Monday, November 22, 2021

Q&A with Alec MacGillis


Photo by J.M. Giordano


Alec MacGillis is the author of the new book Fulfillment: Winning and Losing in One-Click America. He also has written the book The Cynic. He is a senior reporter for ProPublica, and has worked for The Washington Post, The Baltimore Sun, and The New Republic. He lives in Baltimore.


Q: What inspired you to write Fulfillment?


A: For years, I had been wanting to write something big about the growing regional disparities in the U.S.


I had been seeing the gaps growing everywhere--between my hometown of Pittsfield, Mass., and metro Boston; between the Midwestern cities I went to as a reporter and cities on the coasts; between Washington, D.C., and Baltimore, where I have split my time working and living over the past 20 years.


After Trump got elected in 2016, which had a lot to do with those regional disparities, I decided it was time to write the book. And over the course of the next year, I settled on Amazon as the frame for it.


Q: In a review of the book on NPR, Alina Selyukh said, "Ostensibly about Amazon, the book is instead an economic history of the country, shaped by an intimate introduction to people living and working in Amazon's shadow as their home cities and states transform around them." What do you think of that assessment?


A: It's a good one. My goal with the book was to give the reader a visceral, granular sense of what regional inequality looks like in our country, through a specific set of places and people living within them.

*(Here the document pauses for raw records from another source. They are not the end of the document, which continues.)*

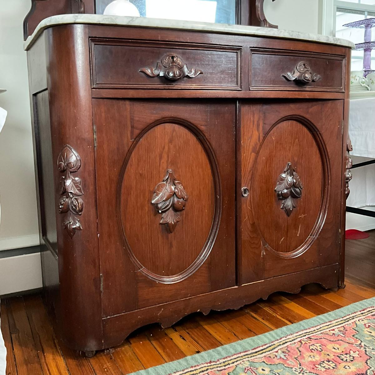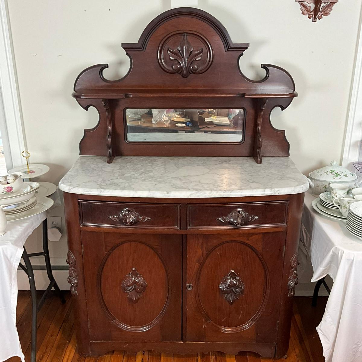 DR458 Antique Marble Top Victorian Buffet Cabinet
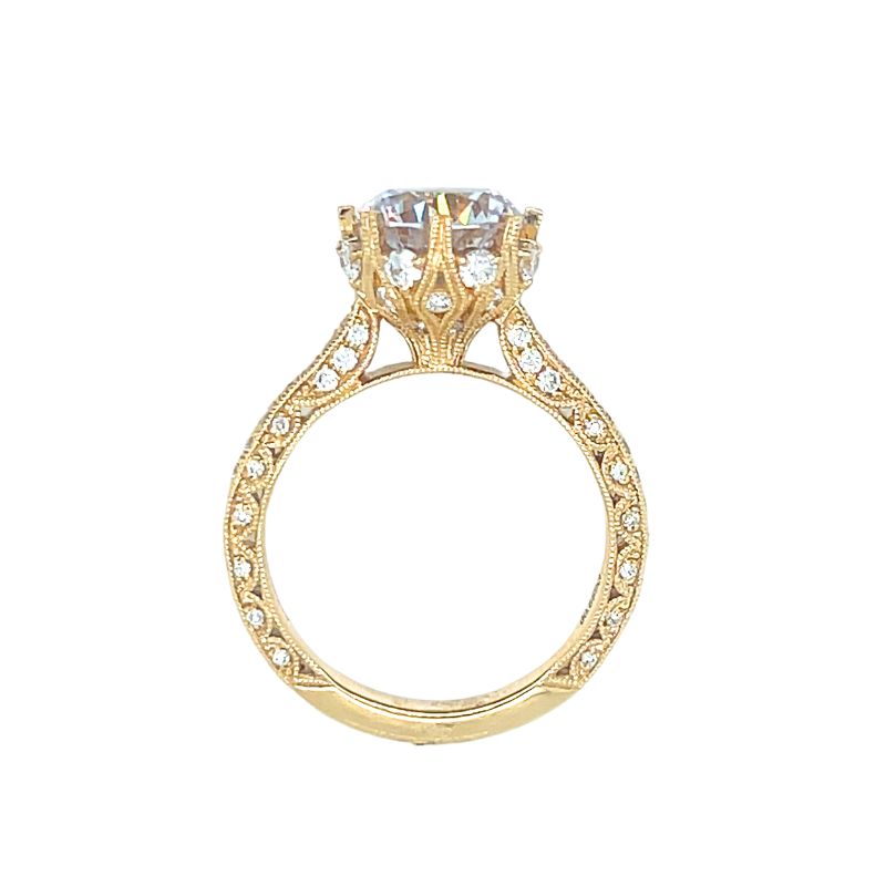 Ladies Diamond Engagement Ring Setting, 14kt Yellow Gold. With 80 Round Diamonds, 0.69ctw. Showed with CZ center.
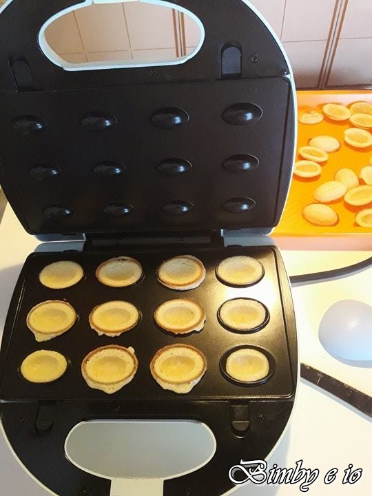 Scaldare l’apposita macchinetta con lo stampo per le noci o la padella adatta, imburrarla leggermente solo la prima volta e non appena sarà ben calda, versare nelle formine mezzo cucchiaino di composto.
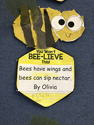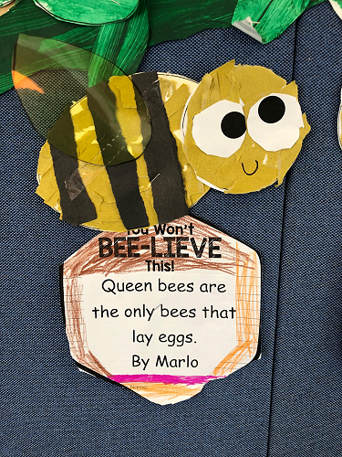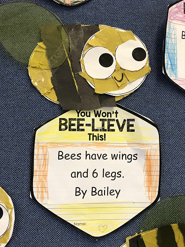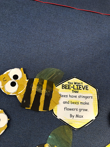 Room 15 have been learning about being Kaitiaki and looking after our environment. The children learned that without bees we wouldn’t have all the flowers, fruit and vegetables that we love. We did some research and found out lots of facts about bees. We then made our own awesome bees out of ripped paper. Do you know any facts about bees?
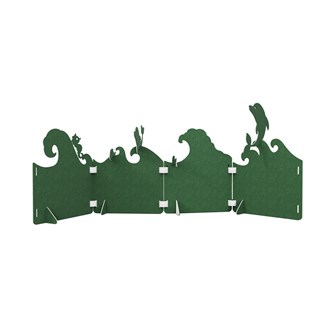 Lekskärmar i ljuddämpande filt. Används till scenografi, som rumsavdelare, krypin eller som förstärkande element i leken. Alla delar i Saga-serien kan användas tillsammans. En kombination av skog med 4 skärmar, 4 fötter och 6 gångjärn. Här ingår också en fågel och en ekorre, som kan monteras på lekskärmarna. Skärmarna är tvåfärgade, ena sidan är alltid ljusgrå. Fötter följer samma färgkombination som val av färg. Gångjärn är ljusgrå. Mått på skärmar: B58xH70 cm. Minst 50 % återvunnet material. 100 % återvinningsbar.
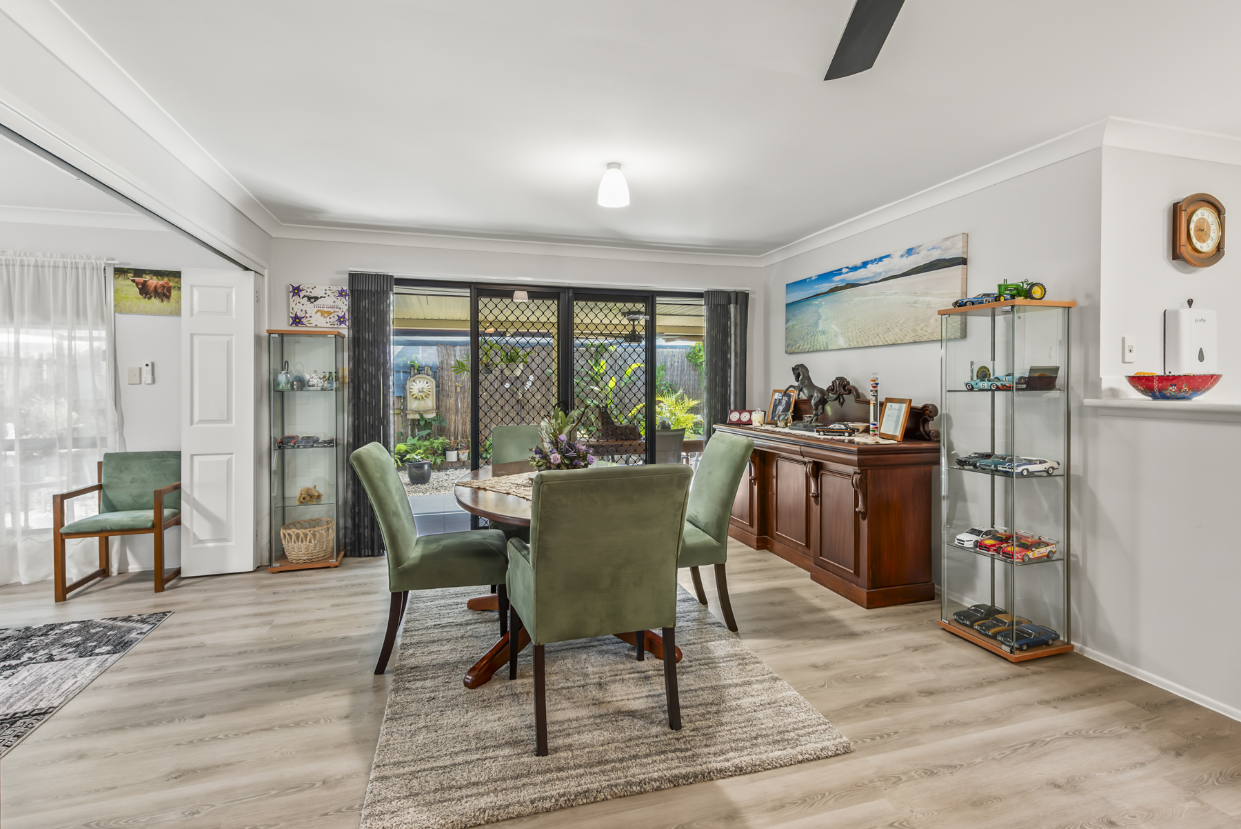 Embrace the outdoors in style with large double doors leading from the dining area to the expansive alfresco space, ideal for hosting gatherings or simply unwinding in the fresh air. Adjacent is a shaded plant area, perfect for those with a green thumb.

I chose Amazon as the frame for two reasons: one, it's so ubiquitous that it serves as a handy thread to take you around the country, to show you what we're becoming as a society and two, it and the other tech giants are a major driver of the regional inequality, by drawing so much commerce and prosperity that used to be dispersed around the country into the tech capitals where they are based.


But the book all along was intended to be not about Amazon itself, but about the country that lies in its lengthening shadow.


Q: You begin the book describing an Amazon worker relegated to his basement during the Covid pandemic. Why did you decide to start there, and how has Covid affected the company and its workers?


A: I had actually reported much of the book by the spring of 2020, when the pandemic hit.


Initially, I was of course very unsure about what the pandemic would mean for the book--if you're writing a big book on the national condition, it is unsettling to have a major event come along that shocks that condition.


But it fairly quickly became apparent that the pandemic was only going to accelerate the trends described in the book--social atomization, Amazon's growth, etc.


And I decided that the best way to incorporate the pandemic into the book was with new bookends, in the prologue and epilogue, that captured that acceleration, that showed readers what life was like in the warehouses as the orders ramped up from all of us hunkered down safely in our homes.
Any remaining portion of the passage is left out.